Items from a dataset:
--- START ---
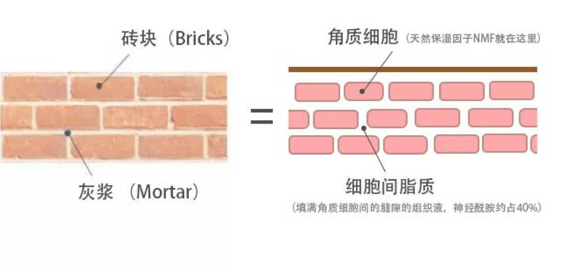 神经酰胺(Ceramide)是皮肤角质层的“砖墙”结构,是一种天然存在于皮肤中的重要成分,由长链脂肪酸与鞘氨醇的氨基缩合反应形成。在角质层脂质中,约40%~50%由神经酰胺构成,它类似于皮肤的天然保护层,作为肌肤最外层0.2mm的守护者,能够有效地阻挡外部有害物质的侵入,改善皮肤屏障功能,帮助肌肤保持年轻和健康。
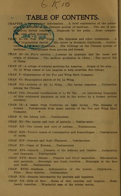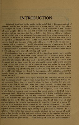 ![G- K'o TABLE OF CONTENTS. CHAPTER^U^Intrpd-HctQry information A brief explanation of the princi- plep^^Qreth<5cM^>}^vOriental system of medicine The use of non- Ksfcnous herbal remeo4fs\...Diagnosis by the pulse... .Some compari- Is with .other systems. C 3 with .other system; JAN - fi ]hZ6 II—Dr. Tom Fc& CH^P. II—Dr. Tom Foo Yuen/ ... His diplomas and other credentials.... A b\fif biographical sketch.y^His career in Southern California... .Contro- versr^i^fciijgf^bjg^p^ygtcians... .His writings on the Chinese system of medicine Testimonials from patrons and friends. CHAP. Ill—Dr. Foo's articles Lessons on anatomy and the cause and origin of diseases... .The medical profession in China.... The sacred lily of China. CHAP. IV—A college of oriental medicine for America... .Origin of the plan.... Dr. Li Wing comes to Los Angeles to help establish this college. CHAP. V—Organization of the Foo and Wing Herb Company. CHAP. VI—Biographical sketch of Dr. Li Wing. CHAP. VII—Articles of Dr. Li Wing The herbal remedies Vivisection among the Chinese. CHAP. VIII—Personal recollections of Li Po Tai....An interesting biography of this celebrated physician as told to< the writer by a former private secretary. CHAP. IX—A lesson from Confucius on tight lacing... .The diseases of women Testimonials from many patrons of the Foo and Wing Herb Company. * CHAP. X—On taking cold Testimonials. CHAP. XI—The causes and cure of malaria... .Testimonials. CHAP. XII—The causes and cure of asthma Testimonials. CHAP. XIII—Twelve causes of consumption and hemorrhages... .Testimonials of cures. CHAP. XIV—Cancers and their treatment... .Testimonials. CHAP. XV—Cases of Eczema Testimonials. CHAP. XVI—Catarrh... .Diseases of the kidneys and bladder... .Indigestion and dyspepsia Testimonials. CHAP. XVII—Heart disease Pimples and blood impurities. .. .Rheumatism and paralysis... .Neuralgia and brain troubles Neuralgia in the face and teeth.... Testimonials. CHAP. XVIII—Deafness Inflammation of the bowels Diphtheria Piles... .Bone injuries... .Testimonials. CHAP. XIX—General information for patients and inquirers. CHAP. XX—Bills of fare Rules of diet, exercise and hygiene Some handy remedies Wonderful case of the winter melon.](https://iiif.wellcomecollection.org/image/b21070398_0008.jp2/full/800%2C/0/default.jpg)
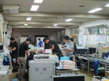 修学旅行出発です。雨の出発なので教員は朝、6時前から準備をしています。
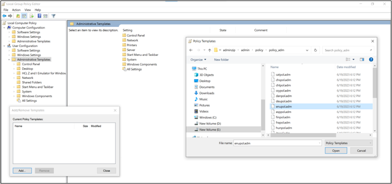 - Right click the Administrative Templates and select Add/Remove template.
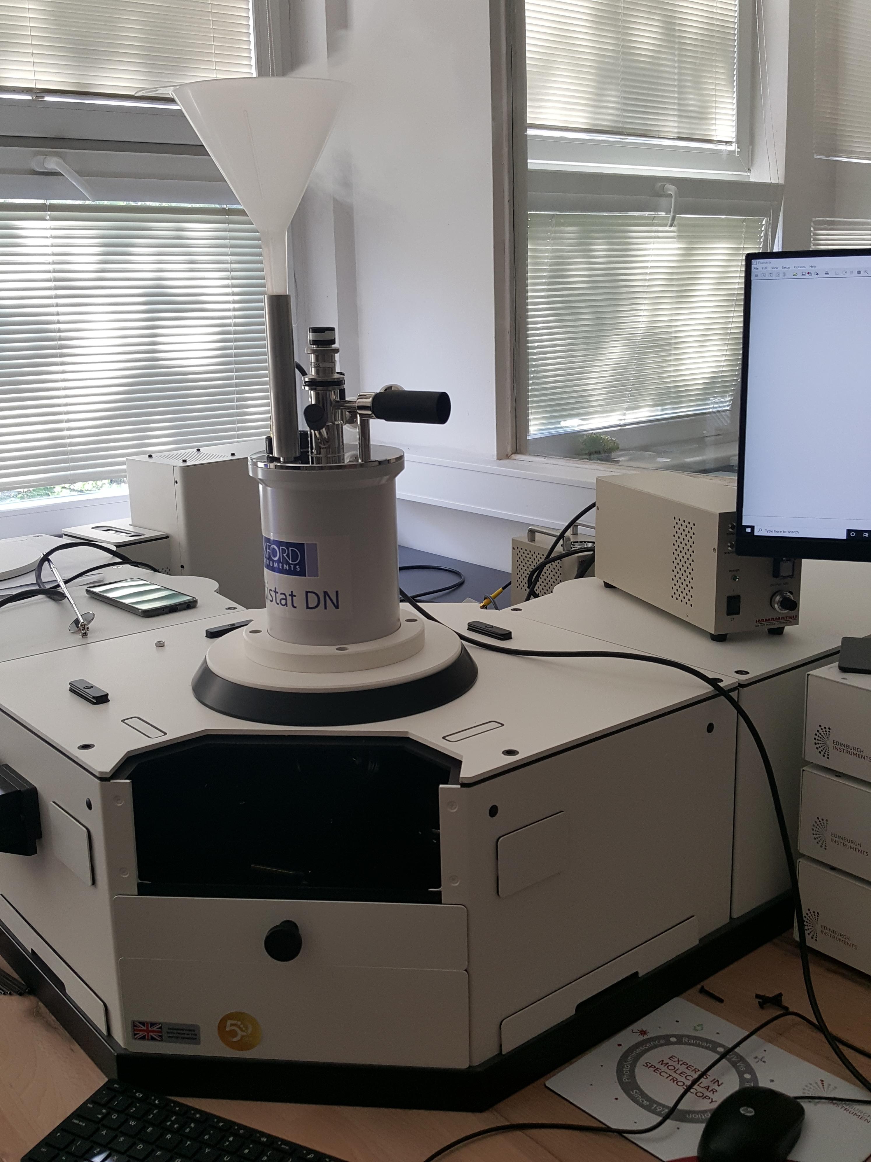 - Dusíkový kryostat se 3 vstupními okénky („T“ geometrie) a teplotním rozsahem 77–500 K
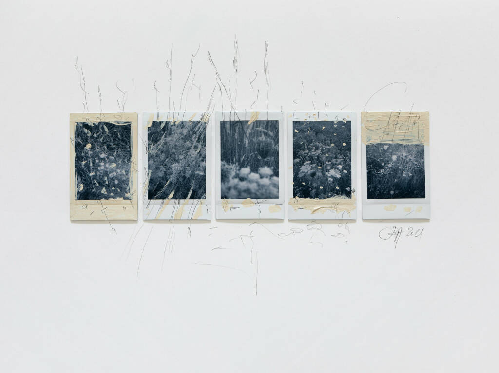 Regina Anzenberger Native Grounds 11, 2021, from the series Gstettn mixed media, instant photography, acrylic, pencil drawing, found objects, framed, 30 x 40 cm
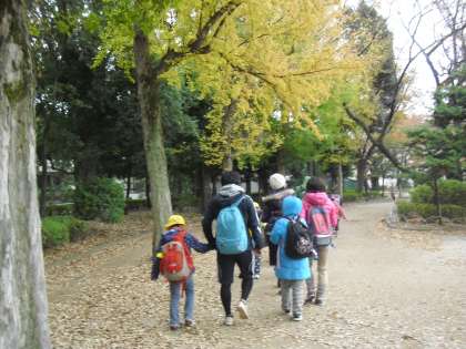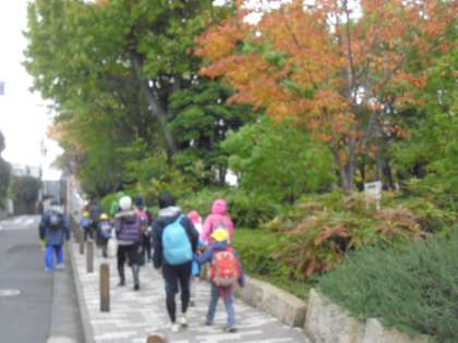 井の頭線の東松原駅から歩いて数分で羽根木公園に到着しました。公園沿いの道を歩いていきます。紅葉がきれいです。
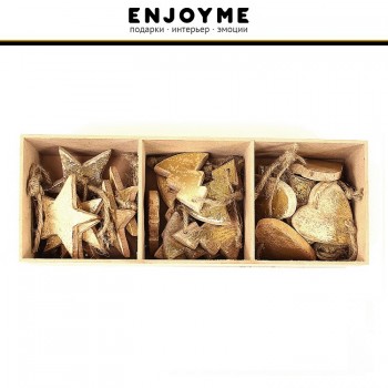 Деревянные елочные украшения ручной работы, золотой декор, 24 шт, в подарочной коробке, EnjoyMe
--- END ---
Since only the text is wanted, repeat all the records above exactly and omit the pictures.

EXERCISE RESPONSE =>
 神经酰胺(Ceramide)是皮肤角质层的“砖墙”结构,是一种天然存在于皮肤中的重要成分,由长链脂肪酸与鞘氨醇的氨基缩合反应形成。在角质层脂质中,约40%~50%由神经酰胺构成,它类似于皮肤的天然保护层,作为肌肤最外层0.2mm的守护者,能够有效地阻挡外部有害物质的侵入,改善皮肤屏障功能,帮助肌肤保持年轻和健康。
 ![G- K'o TABLE OF CONTENTS. CHAPTER^U^Intrpd-HctQry information A brief explanation of the princi- plep^^Qreth<5cM^>}^vOriental system of medicine The use of non- Ksfcnous herbal remeo4fs\...Diagnosis by the pulse... .Some compari- Is with .other systems. C 3 with .other system; JAN - fi ]hZ6 II—Dr. Tom Fc& CH^P. II—Dr. Tom Foo Yuen/ ... His diplomas and other credentials.... A b\fif biographical sketch.y^His career in Southern California... .Contro- versr^i^fciijgf^bjg^p^ygtcians... .His writings on the Chinese system of medicine Testimonials from patrons and friends. CHAP. Ill—Dr. Foo's articles Lessons on anatomy and the cause and origin of diseases... .The medical profession in China.... The sacred lily of China. CHAP. IV—A college of oriental medicine for America... .Origin of the plan.... Dr. Li Wing comes to Los Angeles to help establish this college. CHAP. V—Organization of the Foo and Wing Herb Company. CHAP. VI—Biographical sketch of Dr. Li Wing. CHAP. VII—Articles of Dr. Li Wing The herbal remedies Vivisection among the Chinese. CHAP. VIII—Personal recollections of Li Po Tai....An interesting biography of this celebrated physician as told to< the writer by a former private secretary. CHAP. IX—A lesson from Confucius on tight lacing... .The diseases of women Testimonials from many patrons of the Foo and Wing Herb Company. * CHAP. X—On taking cold Testimonials. CHAP. XI—The causes and cure of malaria... .Testimonials. CHAP. XII—The causes and cure of asthma Testimonials. CHAP. XIII—Twelve causes of consumption and hemorrhages... .Testimonials of cures. CHAP. XIV—Cancers and their treatment... .Testimonials. CHAP. XV—Cases of Eczema Testimonials. CHAP. XVI—Catarrh... .Diseases of the kidneys and bladder... .Indigestion and dyspepsia Testimonials. CHAP. XVII—Heart disease Pimples and blood impurities. .. .Rheumatism and paralysis... .Neuralgia and brain troubles Neuralgia in the face and teeth.... Testimonials. CHAP. XVIII—Deafness Inflammation of the bowels Diphtheria Piles... .Bone injuries... .Testimonials. CHAP. XIX—General information for patients and inquirers. CHAP. XX—Bills of fare Rules of diet, exercise and hygiene Some handy remedies Wonderful case of the winter melon.](https://iiif.wellcomecollection.org/image/b21070398_0008.jp2/full/800%2C/0/default.jpg)
 修学旅行出発です。雨の出発なので教員は朝、6時前から準備をしています。
 - Right click the Administrative Templates and select Add/Remove template.
 - Dusíkový kryostat se 3 vstupními okénky („T“ geometrie) a teplotním rozsahem 77–500 K
 Regina Anzenberger Native Grounds 11, 2021, from the series Gstettn mixed media, instant photography, acrylic, pencil drawing, found objects, framed, 30 x 40 cm
 井の頭線の東松原駅から歩いて数分で羽根木公園に到着しました。公園沿いの道を歩いていきます。紅葉がきれいです。
 Деревянные елочные украшения ручной работы, золотой декор, 24 шт, в подарочной коробке, EnjoyMe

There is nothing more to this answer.